Betrieb und Wirtschaft | 28. Januar 2021

Ein Markt unter Schock

Von René Bossert
Auf die Bedrohung des Streuobstanbaus durch den Preiseinbruch bei Bio-Mostobst wurde vergangene Woche bei einer Pressekonferenz hingewiesen.
Der Grünen-Landtagsabgeordnete Martin Hahn hatte zu der virtuellen Veranstaltung eingeladen. Er wollte auf  das Problem aufmerksam machen und die  Beteiligten der Wertschöpfungskette wachrütteln. Keltereien und der Lebensmittel-Einzelhandel  hätten eine Verantwortung und sollten nach Hahns Ansicht eine faire Vergütung ermöglichen. 
Landwirt Hubert Einholz aus Salem-Neufrach berichtete, wie sein bisheriger Mostobst-Abnehmer mit ihm umspringt. Die Kelterei Widemann in Bermatingen-Ahausen habe für die Ernte 2020 den vertraglich fixierten Abnahmepreis   nicht bezahlt und ihm nun einen  Vertrag für die Ernte 2021 unterbreitet. „Die Kelterei kann mit uns machen, was sie will”, so fasste Einholz den Inhalt des neuen Vertrages zusammen. Es gebe  nun keine Preisgarantie mehr, 14 Euro/dt werden in Aussicht gestellt.  Einholz weiß noch nicht, ob er  unterschreibt. 
40 Prozent der deutschen Bio-Streuobstbestände stehen im Südwesten.

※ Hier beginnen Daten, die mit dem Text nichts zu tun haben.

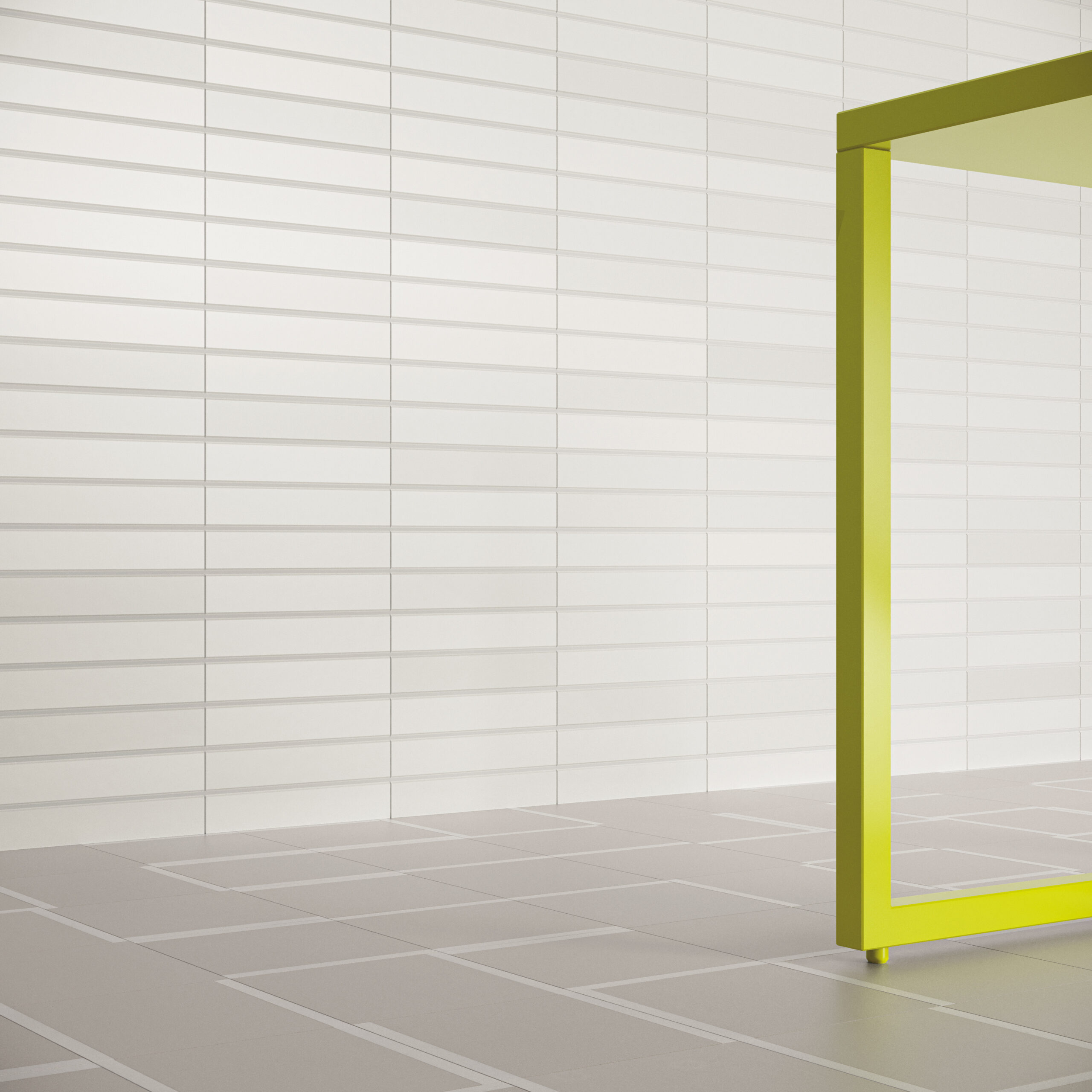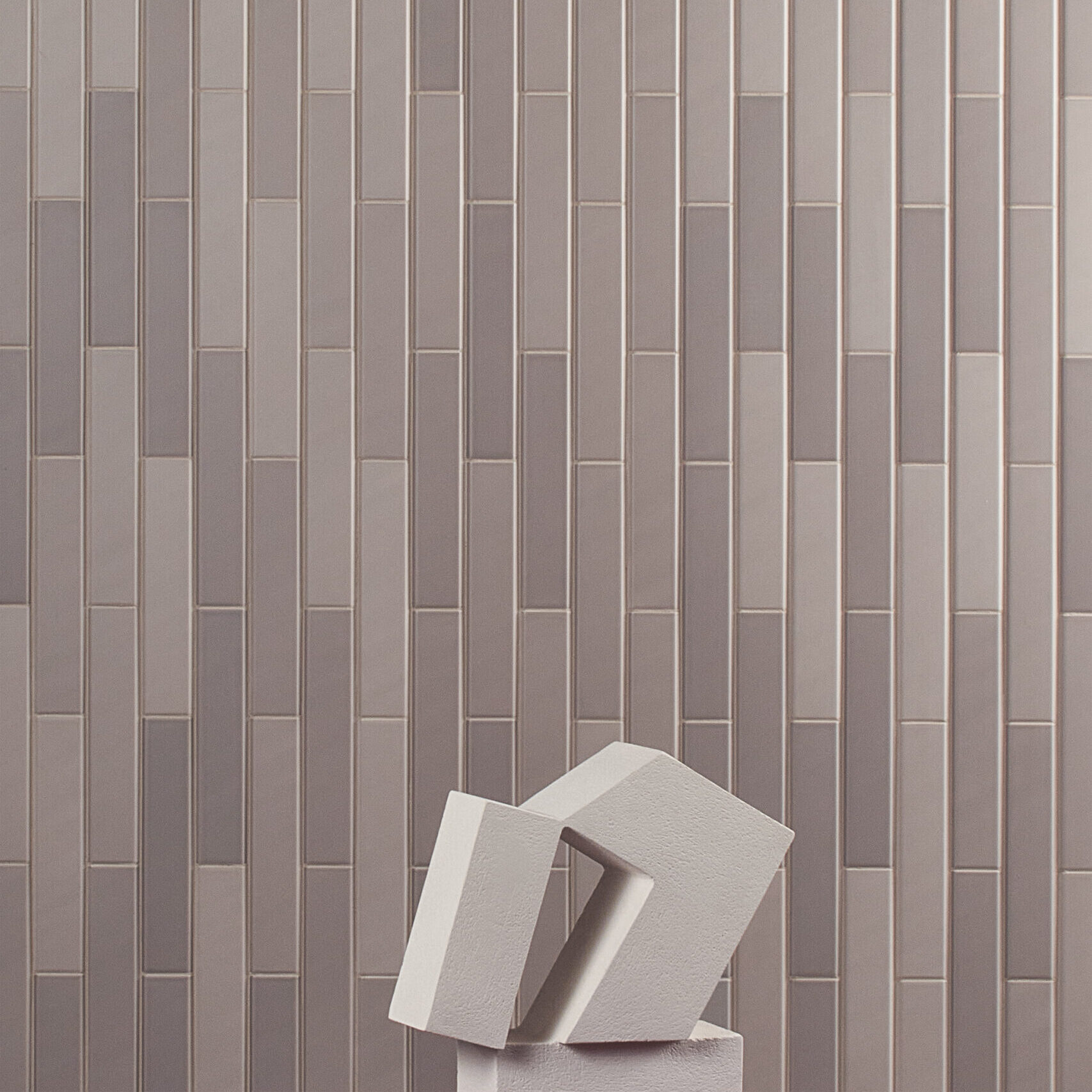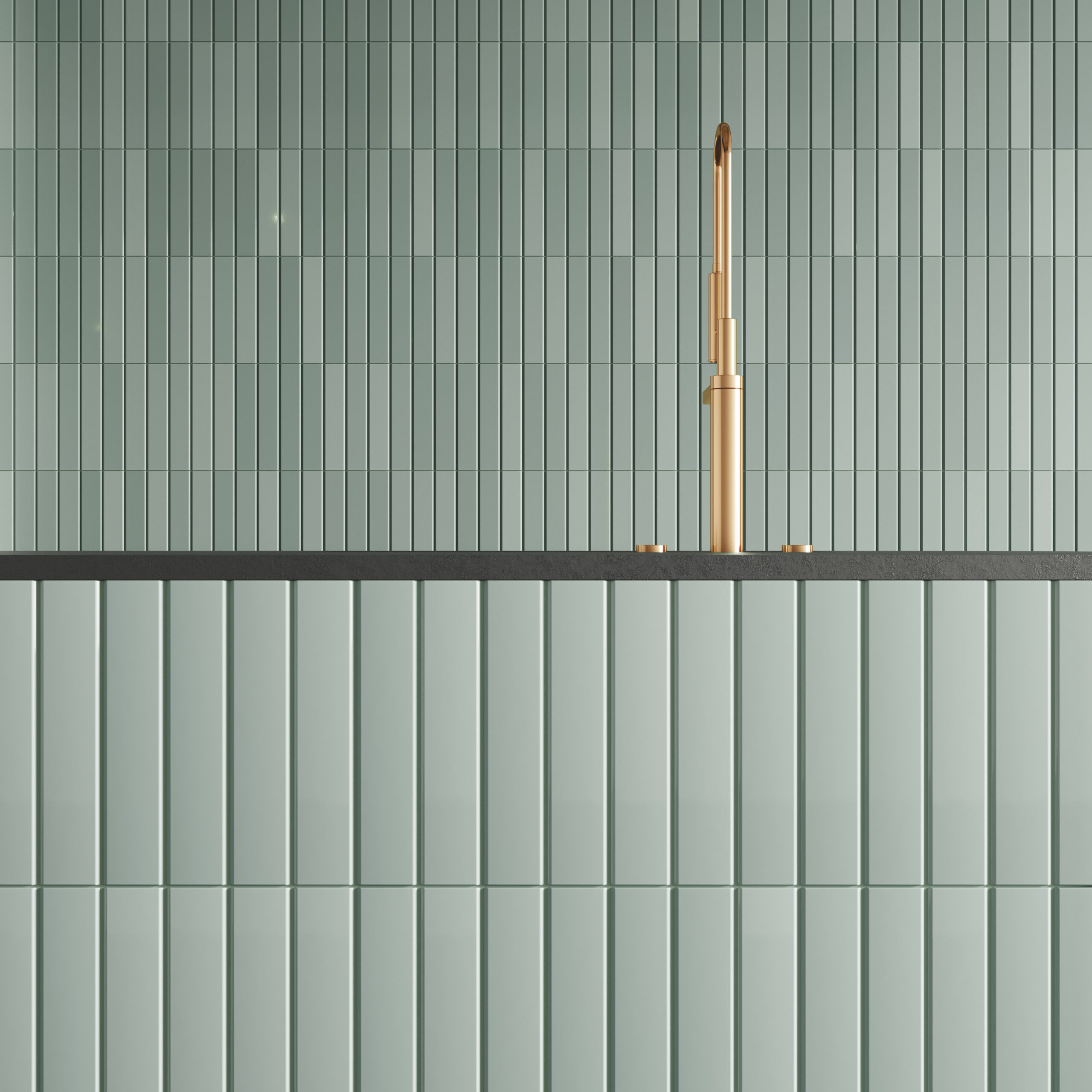 シンプルなボーダータイルの周囲にテーパを設けることで、奥行きを感じさせるシリーズ。使い勝手のいい白とブラウン、旬のミントグリーンのカラーバリエーションとマット、ブライトの2つの質感を用意しました。マット、ブライトの混ぜ張りが粋。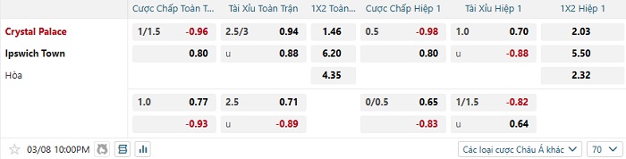 Tip kèo Châu Á hiệp 1 Crystal Palace vs Ipswich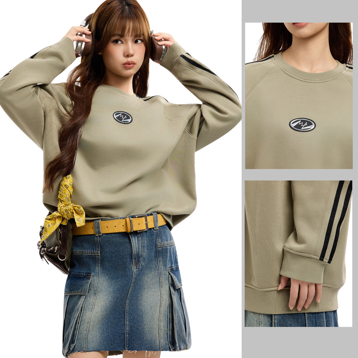 男春季 圆领美式 款 男女同款 潮流上衣 新款 美特斯邦威摇粒绒卫衣美式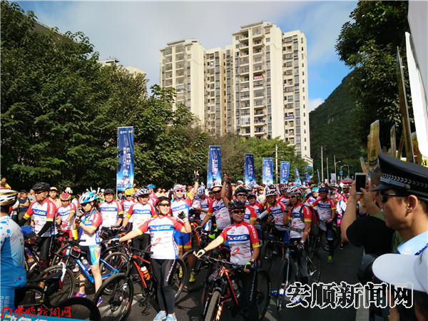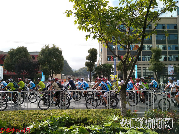 9月17日,2017环中国国际公路自行车赛·安顺赛段在驼宝山广场准时开赛,国际赛事的举行激活了这座小城运动的热情,许多市民纷纷加入到群众骑行的体验活动中,感受国际赛事气氛。上午9点30分,600余名群众骑手在驼宝山广场准时出发。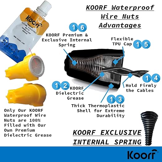 - ✔ EXCLUSIVE INTERNAL SPRING by KOORF: All and only our KOORF waterproof wire nuts include our EXCLUSIVE internal spring, longer with a specific patented shape to hold the wire in the best and safest way, do not play with the safety in electrical jobs using cheap electrical connectors. KOORF low voltage wire connectors can be used as automotive wire connectors, 2-wire connectors, 3-wire connectors, and bullet connectors. Premium electric connectors for wiring.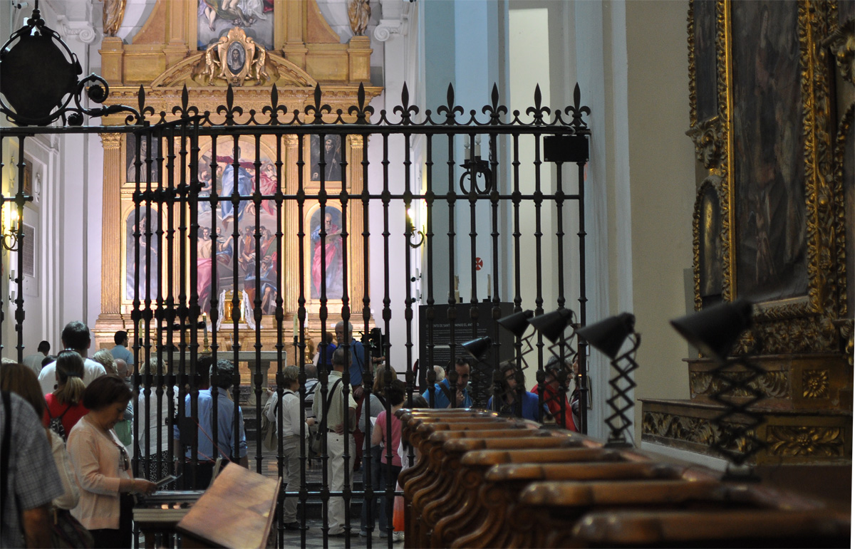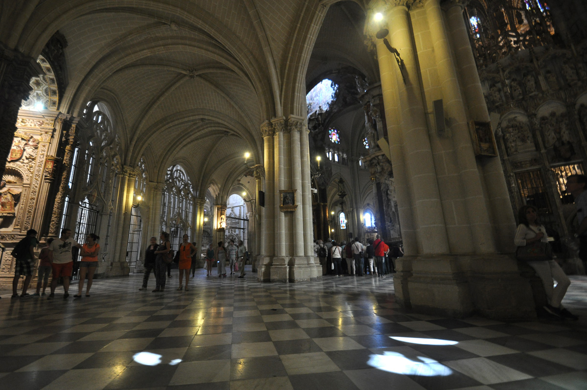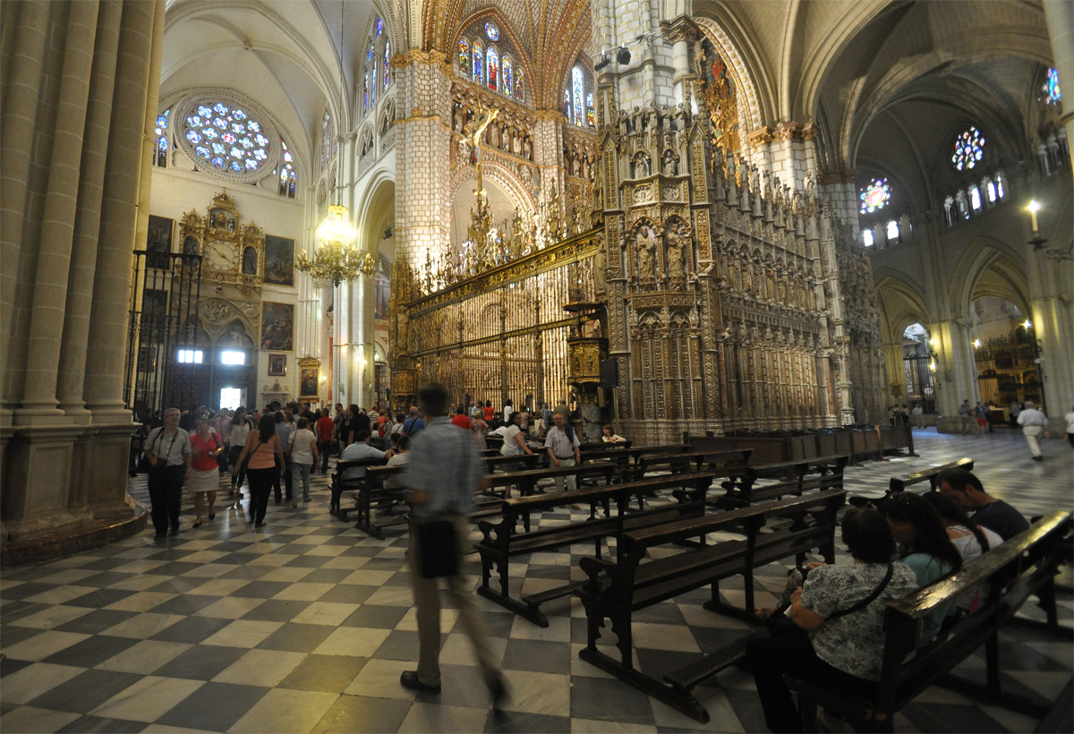 En el interior de la catedral de Toledo, también llena de visitantes. De fondo, el enrejado del altar mayor.

Klaus Widemann, Geschäftsführer der gleichnamigen Kelterei, erinnerte an die Absatzgarantie und  attraktive Preise, die  jahrelang  galten. Die Marktsituation im Herbst 2020 beschrieb er als einen Schock, weil erhebliche zusätzliche Mengen Bio-Mostobst aus Polen und Südtirol den Markt belastet hätten. So habe er sich gezwungen gesehen,  sämtliche Verträge mit seinen Bauern zu kündigen. Konventioneller Apfelsaft lasse sich im Moment besser verkaufen als Bio-Saft.

Lidl macht Druck
Erhebliche Kritik an der Kündigung der Verträge übte Markus Rösler, Vorsitzender des NABU-Bundesfachausschusses Streuobst und Grünen-Landtagsabgeordneter. Er sagte, dass nur  Widemann und die Kelterei Dreher in Stockach  gekündigt hätten, keine anderen Keltereien im Land. „Aber wenn Dreher und Widemann als die zwei größten Abnehmer im Land sich einig sind, dann folgen die anderen mit den Preisen nach”, sagte Rösler.
Nach Kenntnis von Rösler  versucht derzeit Lidl mit erheblichem Druck, die Preise für Bio-Säfte nach unten zu bringen.  Rösler wies  darauf hin, dass das wachsende Bio-Plantagenobst dem Absatz von Bio-Streuobst zu schaffen mache. Am Bodensee seien neue Bio-Plantagenflächen dazugekommen. Aus Naturschutzsicht seien Streuobst-Hochstämme die eigentlich interessanten Bestände, egal ob sie konventionell oder ökologisch bewirtschaftet würden.
Das Land müsse eine Imagekampagne für Hochstämme machen und in den Bio-Musterregionen stärker auf das Thema Hochstämme setzen, so Rösler. Und man müsse mit dem LEH sprechen, „natürlich eher mit Edeka und Rewe als mit den Discountern.”